Transition Probability Notation: \(p\left(s’|s,a\right)\)
- \(s’\): Current state
- \(a\): Action taken in state \(s\)
- \(s’\): Next state
Bellman Equations
\[V^\pi(s)=R(s, \pi(s))+r \sum_{s_1 \in s} P\left(s_1 \mid s, \pi(s)\right) V^\pi\left(s_1\right)\]Optimality
What we care about is not the value of some arbitrary function, arbitrary policy \(\pi\). What we care about is the value function for the optimal poilicy \(\pi\). Below is what that value looks like for the *optimal policy:
- Optimal value function:
\(\Leftrightarrow\) “Consider all of the possible actions I could take in every state, and find the one that maximizes the immediate reward plus the discounted future reward.” This is again still a recursibe definition, I can define the optimal value of any state in terms of the optimal value of all of the other states. “Max” out front makes this a nonlinear systems of equations.
- Optimal policy:
Once I know what the optimal value in every state is, I just take the action that achieves that optimal value and I take the \(\operatorname{argmax}\) in every state \(s\).

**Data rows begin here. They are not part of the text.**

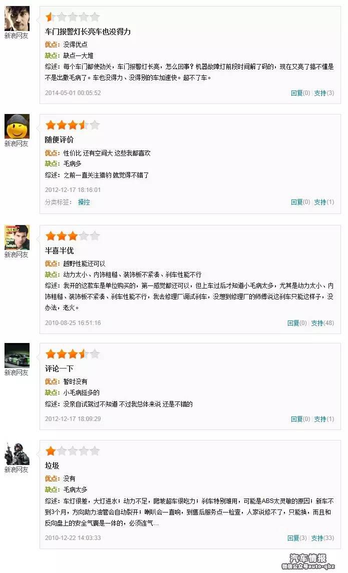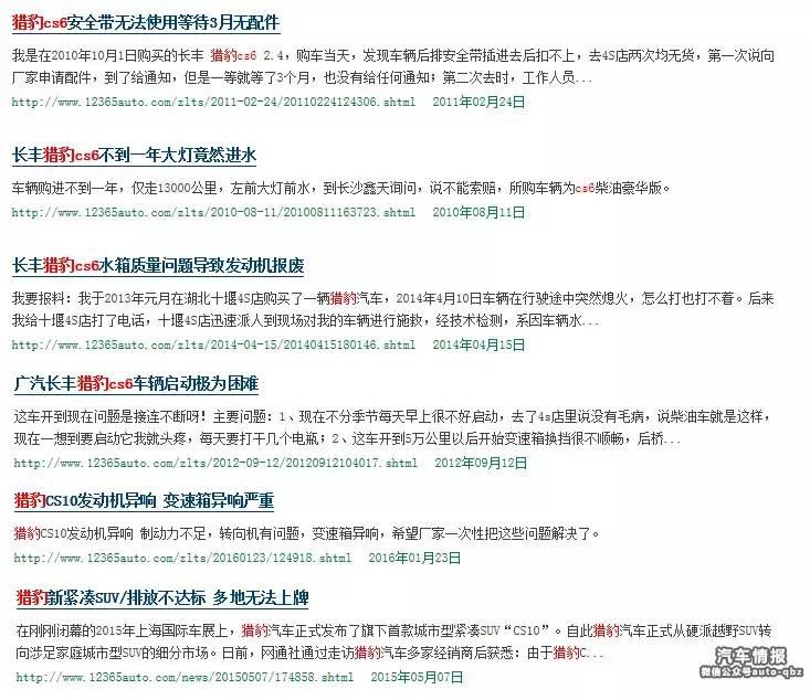 相對于同時期的中型SUV,獵豹CS6身上的小毛病的確是有點多,而這,也在一定程度上影響了消費者對其的信心,汽車情報在網(wǎng)上搜集了一下,詳見整理的資料。
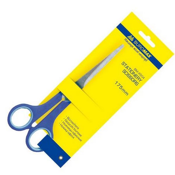 Офисные ножницы Buromax. Подходят для резки бумаги, картона, фотобумаги, ткани и т.д. У ножниц плавный и мягкий ход резки. Закругленные лезвия изготовлены из нержавеющей стали, и гарантируют безопасность во время резки. Цельнометаллический корпус с резиновыми вставками на ручках. Эргономичная форма ручек и прорезиненные вставки обеспечивают комфорт во время работы. Индивидуальная блистерная упаковка открытого типа. Длина ножниц: 175 мм.
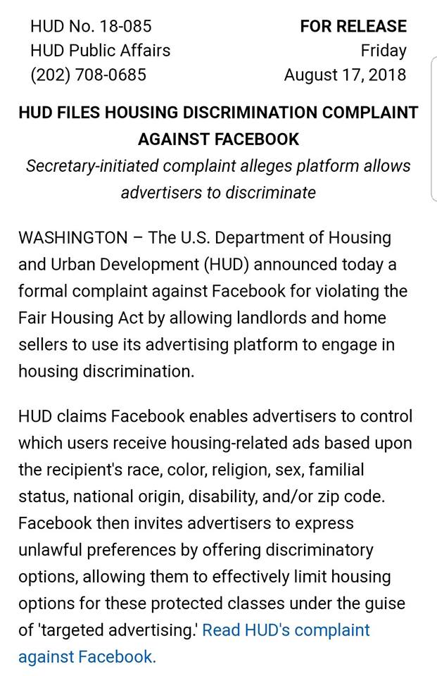 WASHINGTON – The U.S. Department of Housing and Urban Development (HUD) announced today a formal complaint against Facebook for violating the Fair Housing Act by allowing landlords and home sellers to use its advertising platform to engage in housing discrimination.
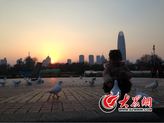 除夕傍晚,一個小女孩正在泉城廣場喂食和平鴿(大眾網記者韋輝 攝)
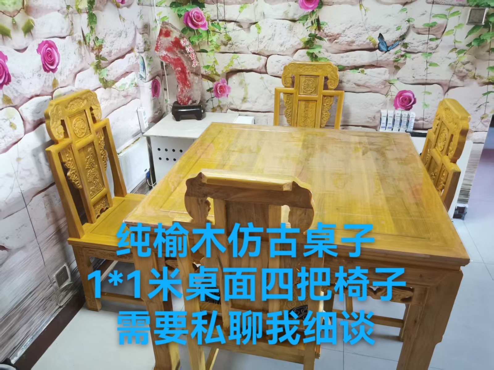 纯榆木,桌面大概1米见方,一套包括一张桌子四把椅子,很沉,需要自提,3800买的1800卖,可以小刀
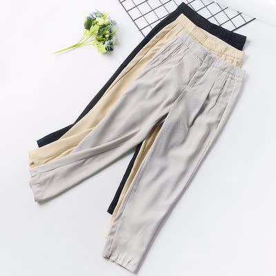 I11 mùa hè Hàn Quốc phiên bản của cao eo thẳng quần phù hợp với quần phần mỏng feet chín điểm quần âu phụ nữ rắn màu triều hoang dã quần áo nữ
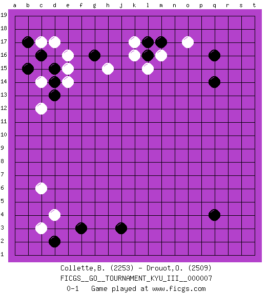 Last move : 0-1 2010 March 25 9:30:13 [Event "FICGS__GO__TOURNAMENT_KYU_III__000007 "] [Site "FICGS"] [Date "2010.02.05"] [Round "1"] [Black "Collette,Benjamin "] [White "Drouot,Olivier "] [Result "0-1"] [Rating 1 "2253"] [Rating 2 "2509"] 1.q16 d4 2.q4 e16 3.f3 c6 4.d2 c3 5.j3 o17 6.q14 k16 7.c16 c14 8.d15 c17 9.b17 d17 10.b15 c12 11.g16 e15 12.d14 e14 13.d13 h15 14.m17 m16 15.l16 l15 16.l17 k17 0-1 This go game has been lost on time (started : 2010.02.05 0:53:3) Here are the names of the openings (joseki) played in the four corners : Corner d4 : d4 f3Hoshi (Hwajeom, Seongjeom, Xingwei`) 4-4 Point. The star or hoshi (4-4) point, emphasizing influence at the potential expense of territory.Ikken Kakari (Hankan Keolch'im, Yi Gua`jiao~, 1-Space Low Approach). Black 2 is the standard approach move to the 4-4. Corner q16 : q16 o17Hoshi (Hwajeom, Seongjeom, Xingwei`) 4-4 Point. The star or hoshi (4-4) point, emphasizing influence at the potential expense of territory.Ikken Kakari (Hankan Keolch'im, Yi Gua`jiao~, 1-Space Low Approach). White 2 is the standard approach move to the 4-4. Corner d16 : e16 c16Takamoku (Gomok, Gaomu`) 5-4 Point. The takamoku (high) point (5-4). With its emphasis on influence, the 5-4 point complements the 4-4 (hoshi) point in creating an influence-oriented fuseki.Komoku. White responds with 3-3, 3-5, 4-6, 4-7, 3-6, 3-7. Player White won this Go (weiqi, baduk) game.Follow this game move after move (download ) When you study joseki, you lose two stones in strength. (Anonymous) The arrogant army will lose certainly the battle. (Chinese proverb)
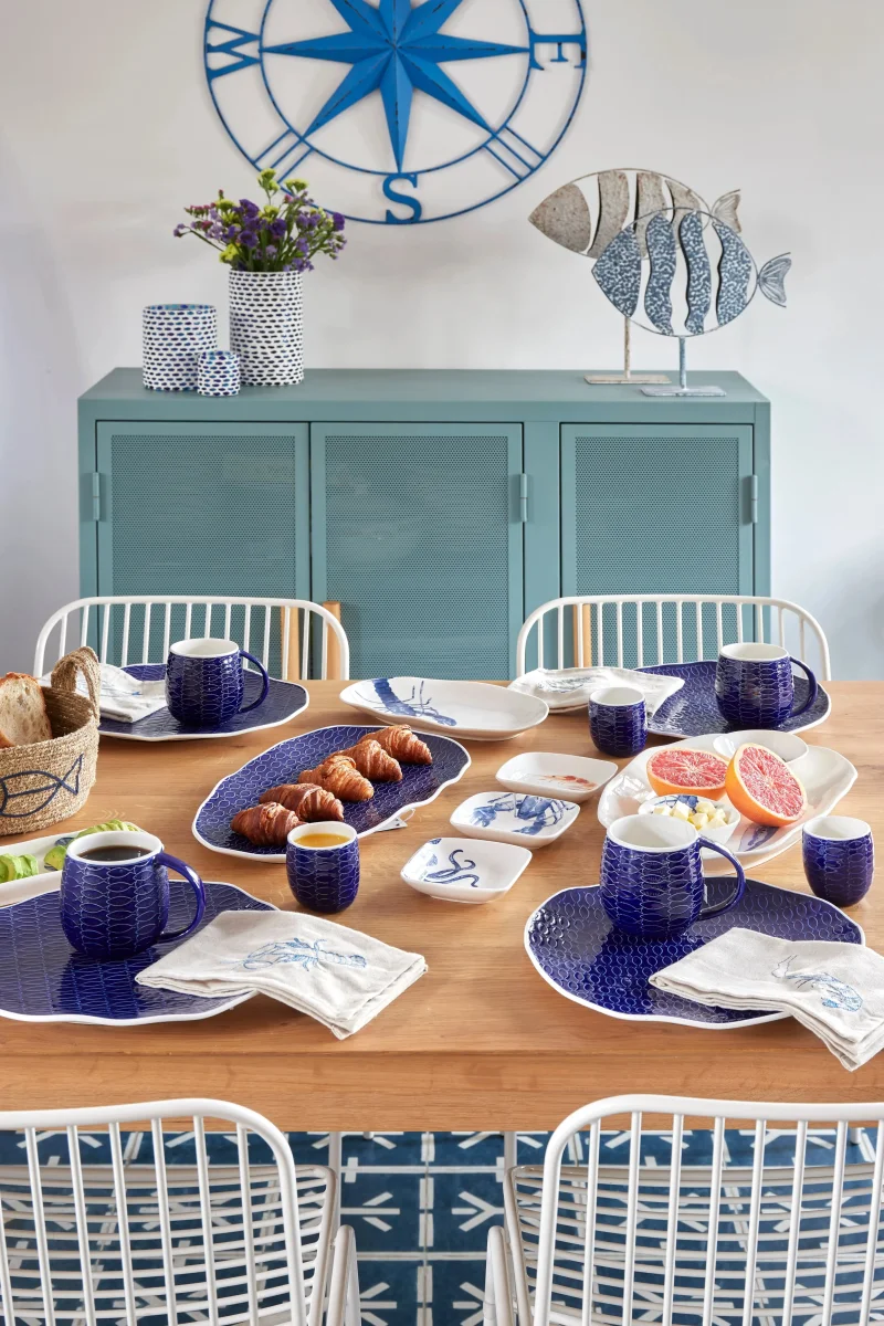 Añade un toque distintivo a tu mesa con nuestro bol de cerámica pequeño en azul y blanco con peces en relieve. Cada detalle está cuidadosamente elaborado para crear una pieza única. Este bol no solo es funcional, sino que también es una pieza que realza la presentación de tus platos. Peces ligados.
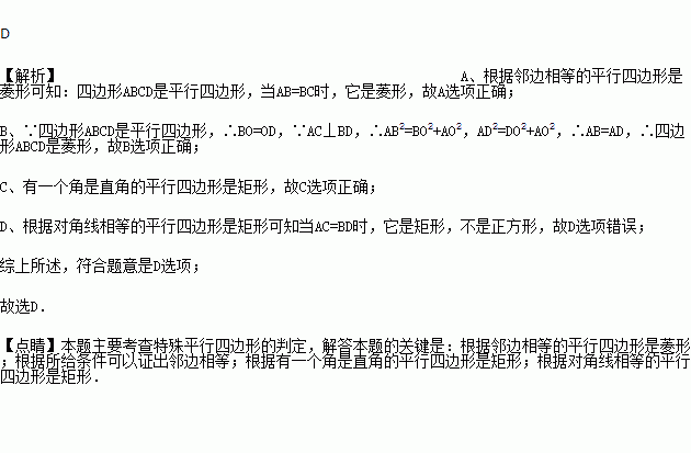 C. 当∠ABC=90°时,它是矩形 D. 当AC=BD时,它是正方形
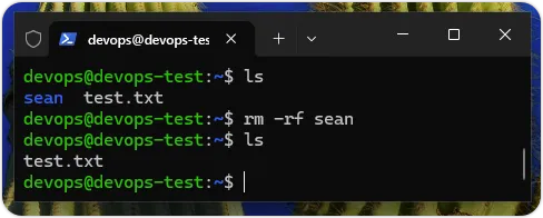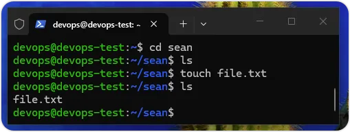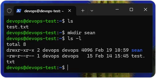 上述命令可以在「/home/devops」目录下,建立名为sean的新目录,如下图所示:

Key Intuition: I can solfe for the optimal policy by solving the optimal value function. I can solve the optimal value function if I can solve this arbitrary nonlinear system of size of \(s\) equations and size of \(s\) variables. Note that we’ve been thinking a lot about optimization in the class, but this is not technically an optimization algorithm. We’re not optimizing any objective function here, rather we’re finding a solution to this system of equations. So what’re the algorithms for solving this equation?
Fixed Point Iteration1
How It Works2
- Given \(f(x) = 0\) write \(x\) in terms of \(x = \dots\)
- Label left side as \(x_{n+1}\) and right side with \(x_n\)
- Pick \(x_1\) and plug into equation
- Repeat until converges
Example
\[x^2 - x - 1 = 0\]- Set equation \(x = \text{something}\)
\(x_{n+1}=1+\frac{1}{x_n}\) - Pick \(x_1 = 2\), \(x_2 = 1 + \frac{1}{2} = 1.5\)
- Repeat \(x_3\), \(x_4\), \(\dots\) \(x_3 = 1 + \frac{1}{1.5} = 1.6666, \ x_4 = 1 + \frac{1}{1.6666} = 1.6, \ x_5 = 1 + \frac{1}{1.6} = 1.625, \ x_6 = 1 + \frac{1}{1.625} = 1.612538462\)
- Converging to \(1.618 \dots\)
However, the same equation might not converge with different equation manipulation and initializing. If we set \(x_{n+1} = \frac{1}{x_{n}-1}\) and \(x_1\) to 1.6, for example, it will not converge.
When Converge?
- When expressing \(f(x)=0\) as \(x=g(x)\), choose such that \(|g’(x)| < 1 \text{ at } x = x_o \text{ where } x_o\) is some initial guess called fixed point iterative scheme.3
- The fact that the discount factor is strictly less than one means that in the reinforcement setting, fixed point iteration will converge to the optimal value function.
Value Iteration4
- Inputs: \(R(s, a), p\left(s^{\prime} \mid s, a\right)\)
- Initialize \(V^{(0)}(s)=0 \forall s \in \mathcal{S}\) (or randomly) and set \(t=0)
- While not converged, do:
- For \(s \in \mathcal{S}\)
- For \(a \in \mathcal{A}\) \(\begin{aligned} & \quad Q(s, a)=R(s, a)+\gamma \sum_{s^{\prime} \in \mathcal{S}} p\left(s^{\prime} \mid s, a\right) V^{(t)}\left(s^{\prime}\right) \end{aligned}\)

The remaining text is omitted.